## MATERIAL SUPPLIED
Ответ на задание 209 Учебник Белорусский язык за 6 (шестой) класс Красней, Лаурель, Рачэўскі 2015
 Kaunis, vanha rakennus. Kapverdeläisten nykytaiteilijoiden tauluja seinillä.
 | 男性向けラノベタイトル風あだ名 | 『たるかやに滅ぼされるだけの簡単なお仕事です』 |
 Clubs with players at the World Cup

==

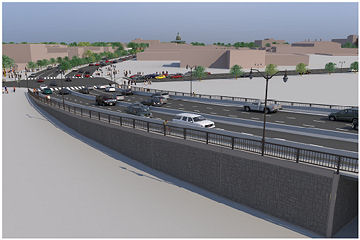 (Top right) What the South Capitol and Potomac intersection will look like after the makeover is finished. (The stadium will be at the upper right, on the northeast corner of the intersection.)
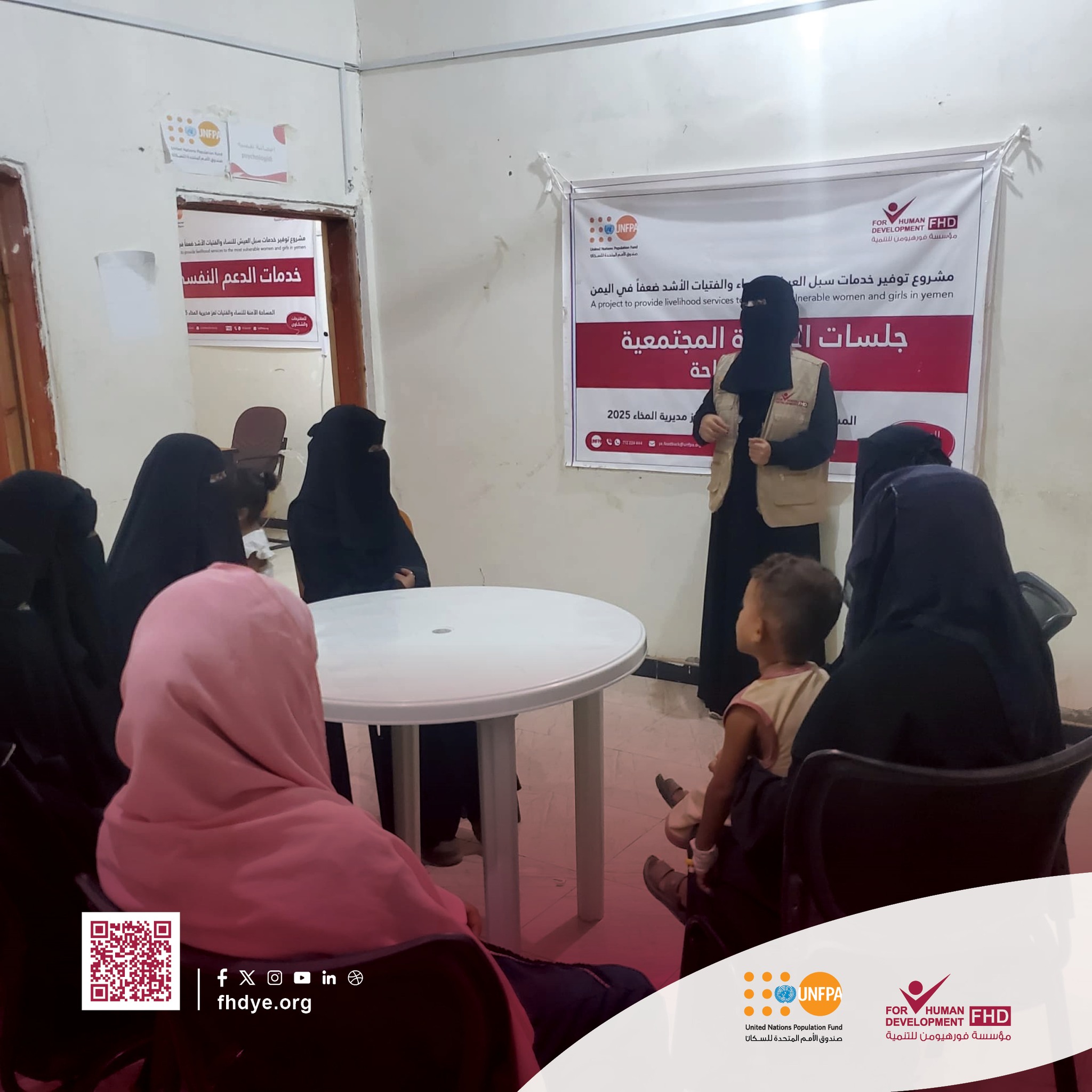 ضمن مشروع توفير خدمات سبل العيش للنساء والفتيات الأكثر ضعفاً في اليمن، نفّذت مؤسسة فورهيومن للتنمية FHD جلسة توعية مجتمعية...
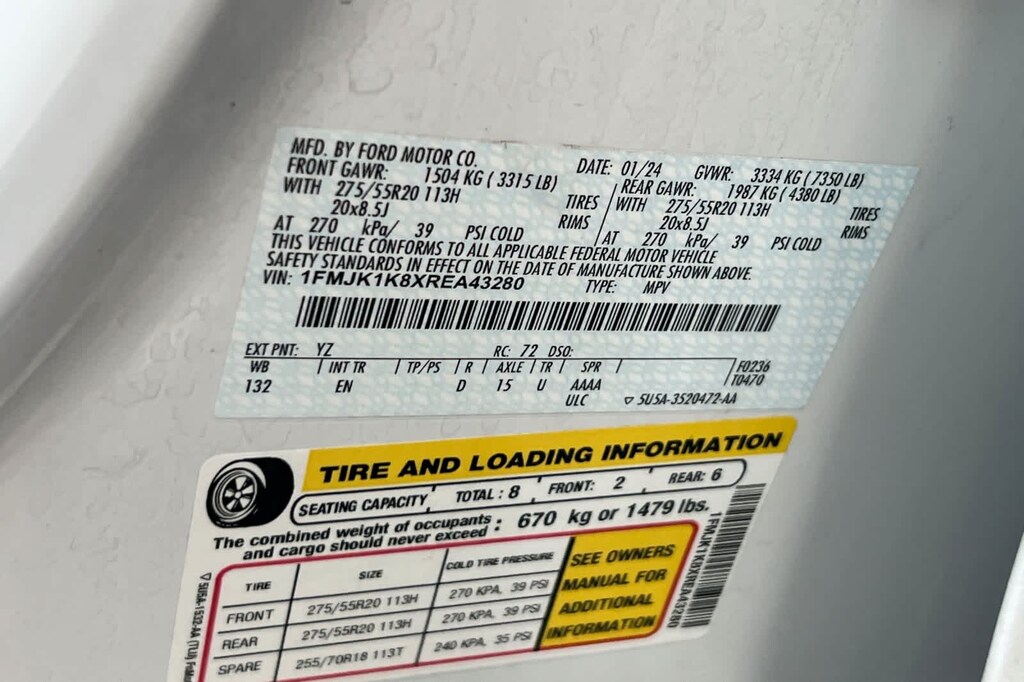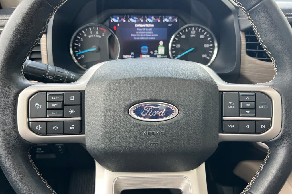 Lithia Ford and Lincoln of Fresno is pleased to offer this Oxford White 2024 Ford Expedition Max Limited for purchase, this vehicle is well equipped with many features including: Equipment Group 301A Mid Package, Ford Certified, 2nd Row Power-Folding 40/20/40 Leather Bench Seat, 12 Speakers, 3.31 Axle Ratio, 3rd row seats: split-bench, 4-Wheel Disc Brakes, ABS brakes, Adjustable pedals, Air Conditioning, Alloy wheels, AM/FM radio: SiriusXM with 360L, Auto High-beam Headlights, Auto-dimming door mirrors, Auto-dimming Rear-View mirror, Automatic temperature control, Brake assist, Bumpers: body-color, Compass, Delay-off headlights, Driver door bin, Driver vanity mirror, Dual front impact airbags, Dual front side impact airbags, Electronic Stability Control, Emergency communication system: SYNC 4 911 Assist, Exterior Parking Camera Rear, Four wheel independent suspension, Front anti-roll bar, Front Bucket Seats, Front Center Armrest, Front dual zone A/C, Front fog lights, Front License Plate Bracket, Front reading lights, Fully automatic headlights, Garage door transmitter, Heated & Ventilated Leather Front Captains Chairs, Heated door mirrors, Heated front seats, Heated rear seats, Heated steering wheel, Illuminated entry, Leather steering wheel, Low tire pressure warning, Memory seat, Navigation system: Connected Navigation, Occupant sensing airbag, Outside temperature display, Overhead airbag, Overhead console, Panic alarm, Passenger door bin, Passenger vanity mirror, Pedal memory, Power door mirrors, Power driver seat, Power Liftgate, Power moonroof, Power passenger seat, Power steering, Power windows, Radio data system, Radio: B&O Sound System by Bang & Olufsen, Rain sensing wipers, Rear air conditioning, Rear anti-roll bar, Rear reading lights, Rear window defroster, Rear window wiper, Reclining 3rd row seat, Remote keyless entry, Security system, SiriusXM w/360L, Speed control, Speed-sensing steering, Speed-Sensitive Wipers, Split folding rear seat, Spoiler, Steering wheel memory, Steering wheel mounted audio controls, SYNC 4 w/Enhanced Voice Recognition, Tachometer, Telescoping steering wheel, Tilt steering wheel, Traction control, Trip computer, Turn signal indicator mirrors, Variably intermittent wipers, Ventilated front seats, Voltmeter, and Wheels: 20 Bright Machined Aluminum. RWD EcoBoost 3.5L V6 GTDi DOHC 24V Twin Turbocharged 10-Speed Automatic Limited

## WHAT THE TASK ASKS
For the listing above, print only the lines starting at the line containing "Ответ на задание" and ending at the line containing "Clubs with players at the World Cup", exactly, both included.

## RESPONSE AREA
Ответ на задание 209 Учебник Белорусский язык за 6 (шестой) класс Красней, Лаурель, Рачэўскі 2015
 Kaunis, vanha rakennus. Kapverdeläisten nykytaiteilijoiden tauluja seinillä.
 | 男性向けラノベタイトル風あだ名 | 『たるかやに滅ぼされるだけの簡単なお仕事です』 |
 Clubs with players at the World Cup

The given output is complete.